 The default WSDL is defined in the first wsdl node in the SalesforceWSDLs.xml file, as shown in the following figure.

★ ★ ★ ★ ★ ★ ★

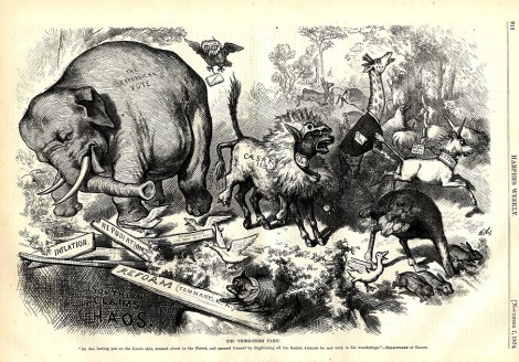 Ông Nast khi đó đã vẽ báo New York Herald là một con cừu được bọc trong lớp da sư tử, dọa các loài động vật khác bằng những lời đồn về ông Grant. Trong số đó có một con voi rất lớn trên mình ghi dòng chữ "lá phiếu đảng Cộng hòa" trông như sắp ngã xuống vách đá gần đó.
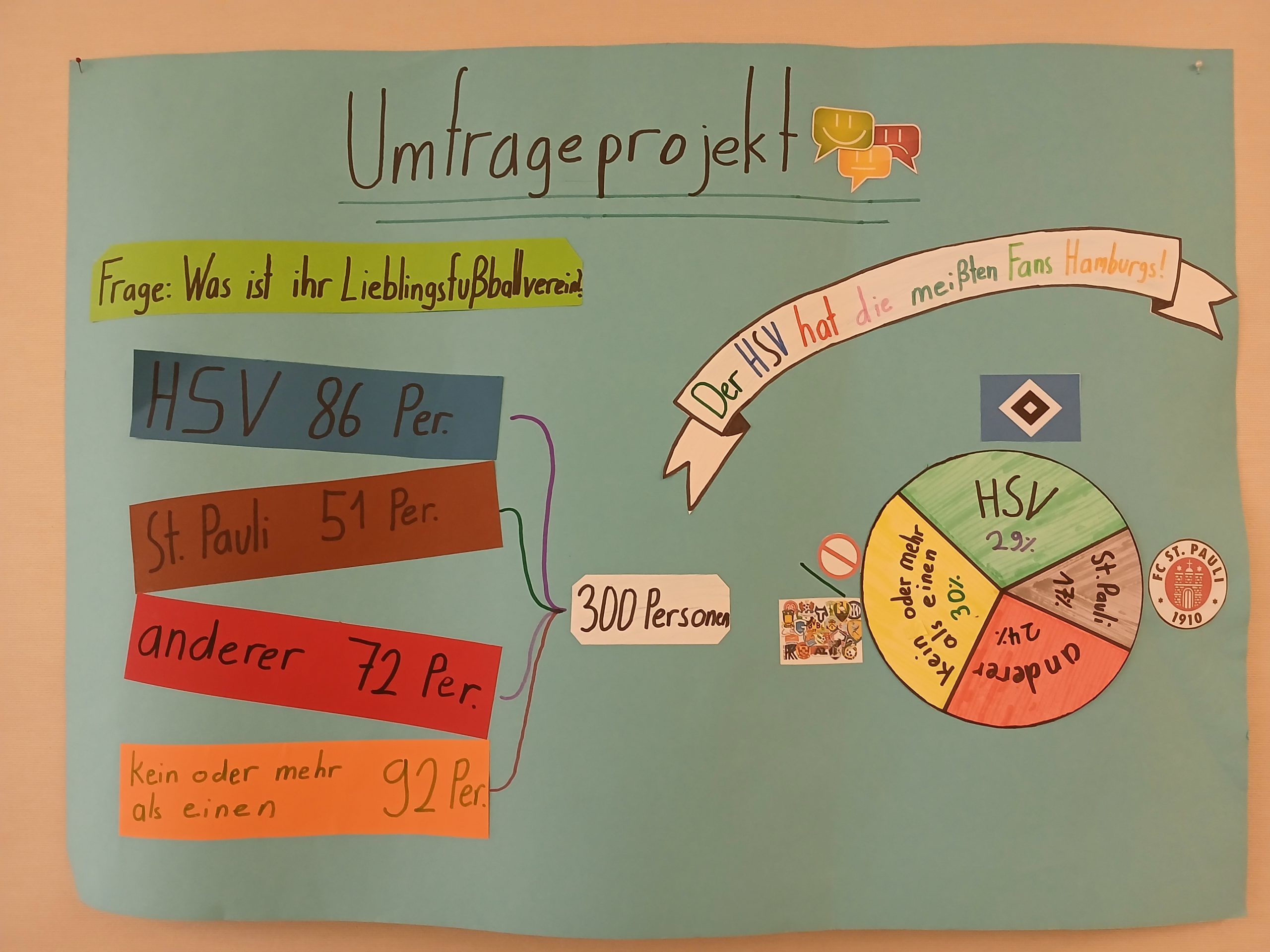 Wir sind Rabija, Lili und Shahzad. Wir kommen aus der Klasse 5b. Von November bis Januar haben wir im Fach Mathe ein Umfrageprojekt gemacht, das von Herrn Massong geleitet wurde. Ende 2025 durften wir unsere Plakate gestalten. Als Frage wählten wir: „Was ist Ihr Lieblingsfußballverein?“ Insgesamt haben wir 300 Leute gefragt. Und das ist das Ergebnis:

★ ★ ★ ★ ★ ★ ★

Prompt: Above are the records. Copy only the lines from the one with "Ông Nast khi" through the one with "Wir sind Rabija, Lili", exactly, with no pictures.

Task answer:
 Ông Nast khi đó đã vẽ báo New York Herald là một con cừu được bọc trong lớp da sư tử, dọa các loài động vật khác bằng những lời đồn về ông Grant. Trong số đó có một con voi rất lớn trên mình ghi dòng chữ "lá phiếu đảng Cộng hòa" trông như sắp ngã xuống vách đá gần đó.
 Wir sind Rabija, Lili und Shahzad. Wir kommen aus der Klasse 5b. Von November bis Januar haben wir im Fach Mathe ein Umfrageprojekt gemacht, das von Herrn Massong geleitet wurde. Ende 2025 durften wir unsere Plakate gestalten. Als Frage wählten wir: „Was ist Ihr Lieblingsfußballverein?“ Insgesamt haben wir 300 Leute gefragt. Und das ist das Ergebnis:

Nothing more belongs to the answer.